This week has been full of noise; I spent the weekend away with the family and a lovely Sunday with my significant other. It was a moment of silence, a break from school and work and all the crazy campus life. And then I came back… and the negative vibes began to set in, noisy and rowdy and crowding my thoughts. I tried to focus on the positive, like the wonderful weekend I had just had, or that I would see my friends at school again. But all week, I felt shafted to the side. It was a series of me attempting to do something, anything, and then having it shot down somehow.
I tried diving into school, but to no avail. I tried focusing more on writing, but it all came out like crap. It wasn’t until the middle of the week that I found a moment to get my mind right. I rolled out my yoga mat, laid out a blanket, and sat down with my eyes closed. I finally found a moment, five minutes of my day to clear out the noise, both in my head and out. It was a moment of acceptance for everything around me, and a reminder that I am the only person who can change my perspective, and that I really can only control what I do at the end of each day.
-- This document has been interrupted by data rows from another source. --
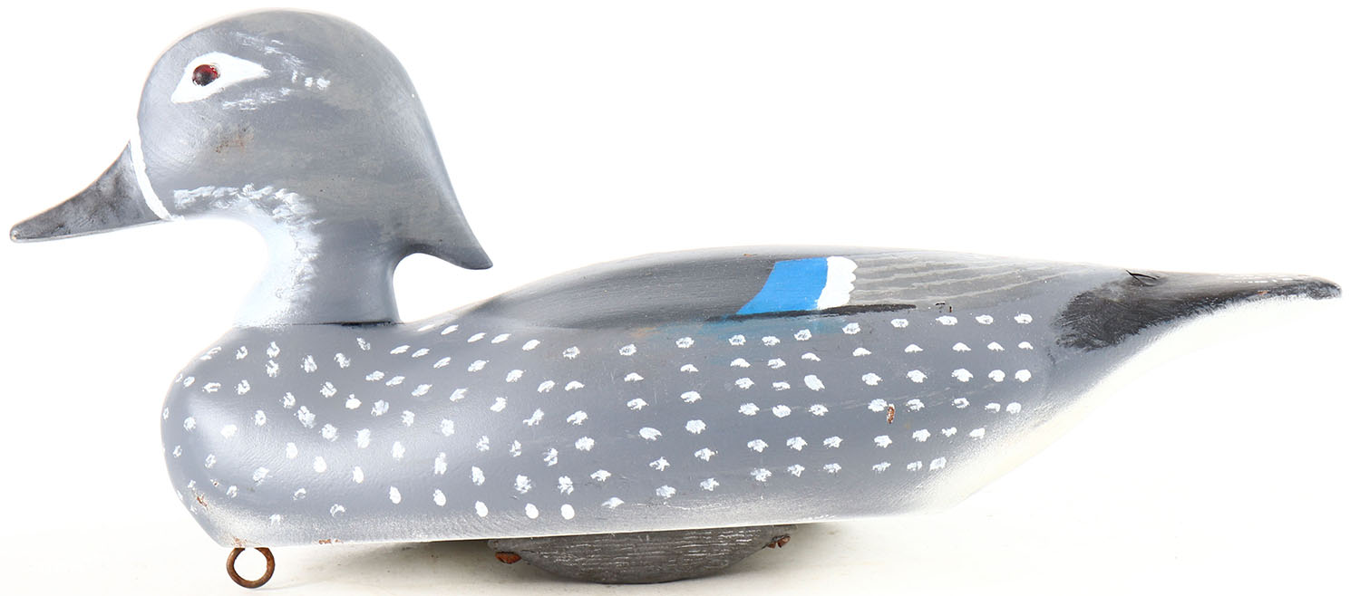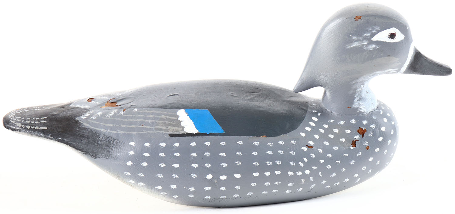 Woodduck Hen by unknown maker, painted eyes, solid wood, repainted, structurally excellent. Grade: Excellent + - Value: 10 to 20
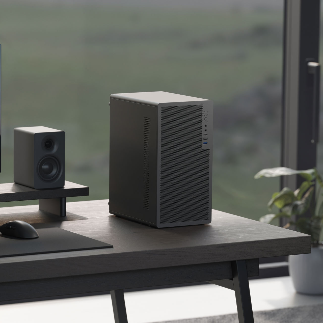 <도트(DOT)>의 가장 큰 매력은 군더더기 없는 '심리스(Seamless)' 실루엣이다. 전면에서 측면으로 이어지는 매끄러운 라인과 소재가 주는 단단한 질감은 PC를 단순한 전자 기기가 아닌 하나의 인테리어 소품으로 격상시킨다.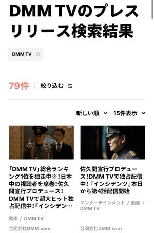 これで、DMM TVに関するプレスリリースだけ確認できるので、今後の配信予定作品などをチェックできます。
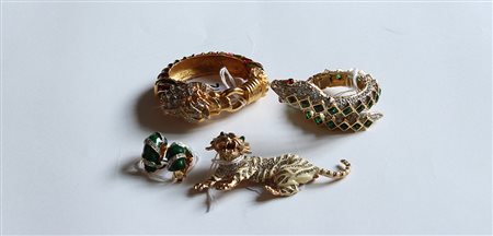 Lotto composto da una spilla a forma di tigre, un bracciale rigido con testa di leone, un bracciale semi-rigido a forma di serpente e un paio di orecchini a lobo, tutto in metallo color oro, rifiniti con strass, pietre fancy verdi e rosse, smalti di vari colori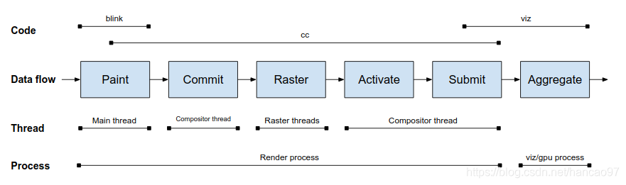 Blink一顿操作 -> paint生成了cc模块的数据源(cc:layer)->commit->(Tiling->)Raster->Active->draw(submit)->Viz(呈像)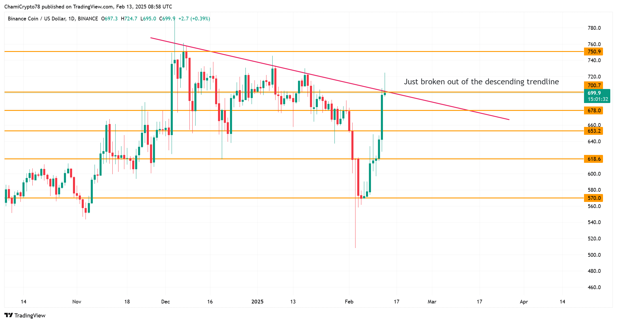 - BNB has broken through key resistance levels, positioning itself to target $720.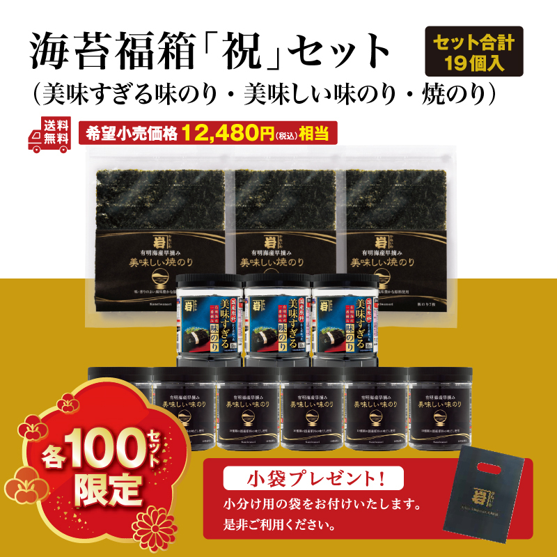 | 名称 | 海苔福箱「祝」セット(美味すぎる味のり・美味しい味のり・焼のり) |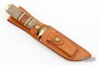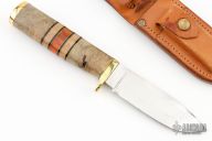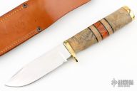 This hunter by Jim E Parker features a mirror polished blade with .131" blade thickness and 1.320" blade depth, hidden tang construction. The handle has a brass guard and butt with a wood grip, brass/black/amber/oosic spacers. Comes with a brown leather sheath. Has a couple light scratches, otherwise excellent condition.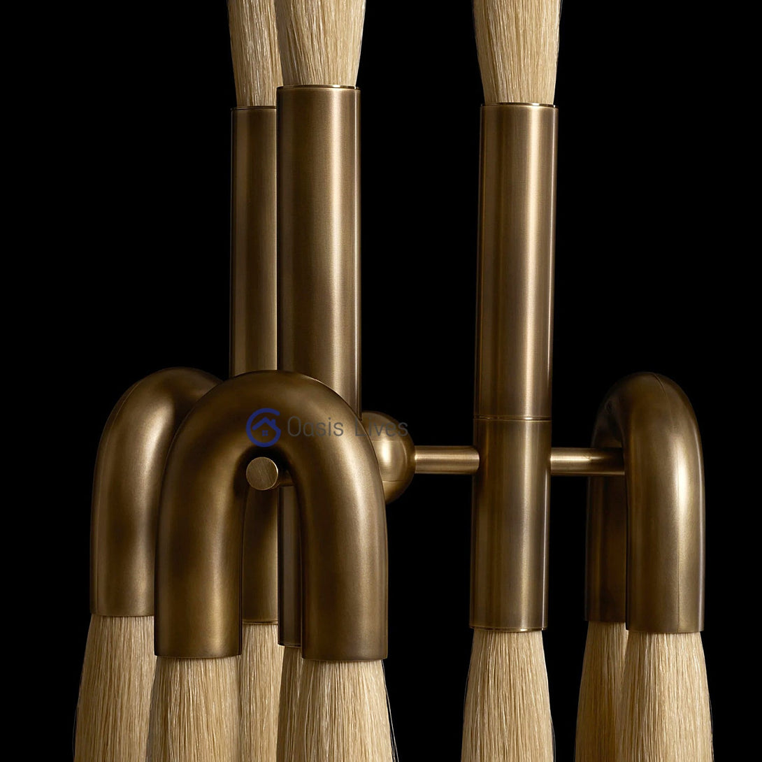 This Heritage Horsehair 9-Light Pendant Lamp combines horsehair, brass, and etched glass for a unique design and exquisite materials. The warp of the horsehair combines with the brass body of the lamp to create a visual effect that is both sturdy and elegant.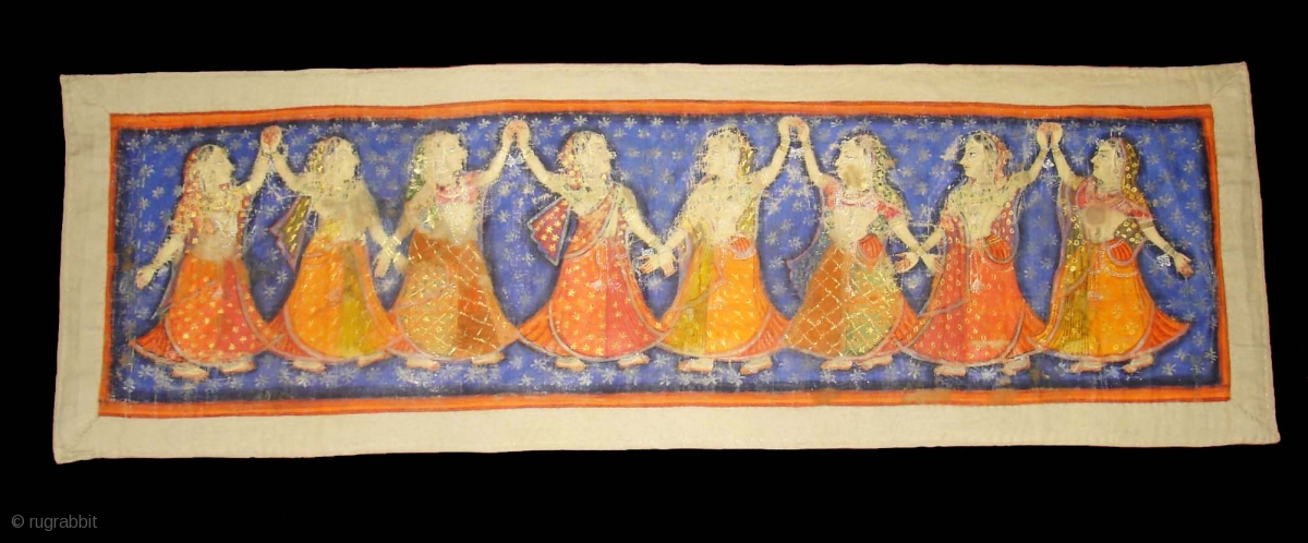 Pichwai of Gopies From Kotah Rajasthan India.Its Size is 30cm x95cm.Early and Rare Subject of Pichwai(DSC03027 New).
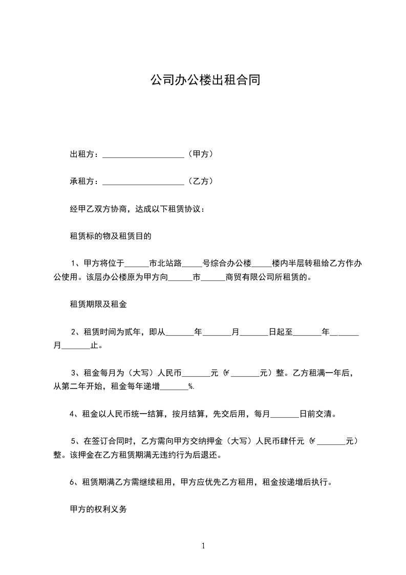 1、甲方将位于______市北站路_____号综合办公楼_____楼内半层转租给乙方作办公使用。该层办公楼原为甲方向______市______商贸有限公司所租赁的。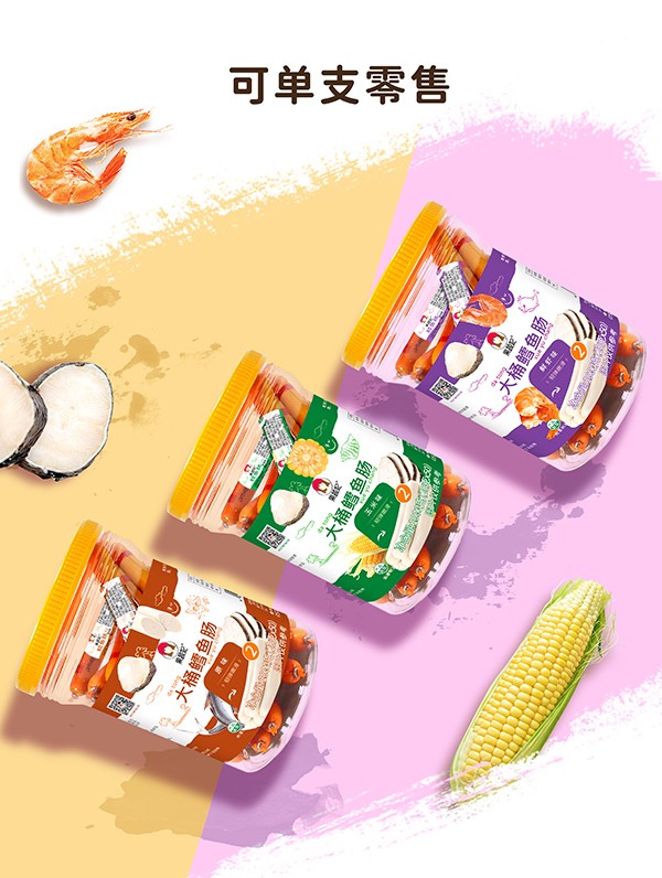 果蔬妃【大桶鱈魚(yú)腸】營(yíng)養(yǎng)豐富,韌彈嫩滑,不添加人工香精、色素和防腐劑,在堅(jiān)持安全配方的基礎(chǔ)上,單支獨(dú)立條碼,真正可以單支銷(xiāo)售!一桶50支,20克每支,有原味、玉米和鮮蝦3種口味可選!

I think that being a resident assistant has helped; just now, I finished seven hours of active duty. It is 2AM, and I get to roll out of bed in six hours for an awesome conference. This job is challenging in more ways than one, but it has taught me many things, including patience and focus when its chaos all around me. This is so important in our lives, no matter what it is we do. If everything is falling apart, or moving too fast, or all up in your face, you have to be able to take a step back mentally and find patience and focus. Worry and anger will not help you, not ever. They are barriers to solutions.
With patience, and a tired good night.